• **Exercise requirements**:
Quote the records beneath, complete and exact. Leave out images.

'''

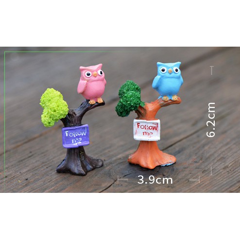 Mô hình chim cú mèo béo tròn đậu trên cành cây trang trí tiểu cảnh, DIY (SMD-870)
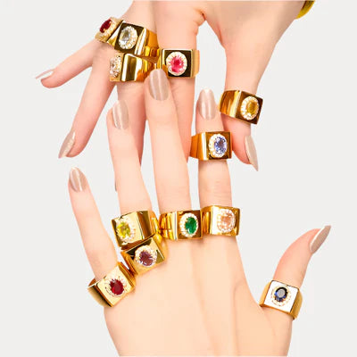 Inspired by the joy and celebration of birthdays, BuDhaGirl's Birthday Ring serves as a reminder to cherish every moment and to celebrate the beauty of life. Whether you wear it on your special day or as a daily reminder of life's joys, this timeless piece exudes elegance and sophistication, adding a touch of glamour to any outfit.
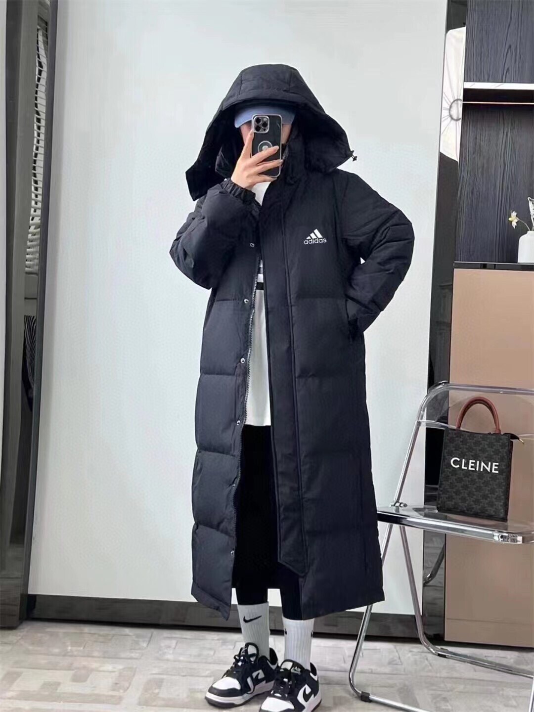 阿迪达斯Adidas印花织带男女长款连帽羽绒服原单渠道货源,真正来之不易的好东西!经典三条杠织带设计款式,随随便便穿个好几年都不会过时!
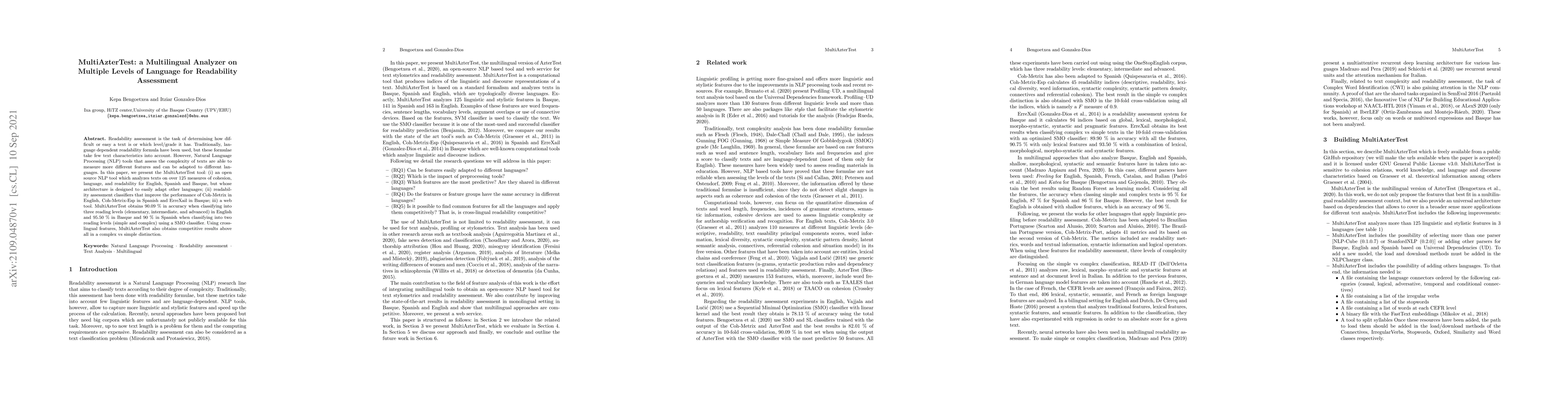 MultiAzterTest is an open-source NLP tool designed for multilingual readability assessment, analyzing texts on over 125 measures for English, Spanish, and Basque, and achieving high accuracy in classifying reading levels. It utilizes cross-lingual features for competitive results.
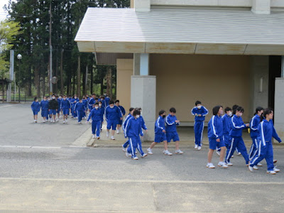 非常ベルと訓練放送が流れると、生徒たちは腰を下ろして放送に耳を傾け、整然と外へ避難。5分以内に点呼も終了できました。米沢消防署東部分署から3名の消防士の方が来校し、訓練の様子について講評をしていただきました。五中生のきびきびした姿を褒めていただきました。

'''

• **Answer to this task**:
 Mô hình chim cú mèo béo tròn đậu trên cành cây trang trí tiểu cảnh, DIY (SMD-870)
 Inspired by the joy and celebration of birthdays, BuDhaGirl's Birthday Ring serves as a reminder to cherish every moment and to celebrate the beauty of life. Whether you wear it on your special day or as a daily reminder of life's joys, this timeless piece exudes elegance and sophistication, adding a touch of glamour to any outfit.
 阿迪达斯Adidas印花织带男女长款连帽羽绒服原单渠道货源,真正来之不易的好东西!经典三条杠织带设计款式,随随便便穿个好几年都不会过时!
 MultiAzterTest is an open-source NLP tool designed for multilingual readability assessment, analyzing texts on over 125 measures for English, Spanish, and Basque, and achieving high accuracy in classifying reading levels. It utilizes cross-lingual features for competitive results.
 非常ベルと訓練放送が流れると、生徒たちは腰を下ろして放送に耳を傾け、整然と外へ避難。5分以内に点呼も終了できました。米沢消防署東部分署から3名の消防士の方が来校し、訓練の様子について講評をしていただきました。五中生のきびきびした姿を褒めていただきました。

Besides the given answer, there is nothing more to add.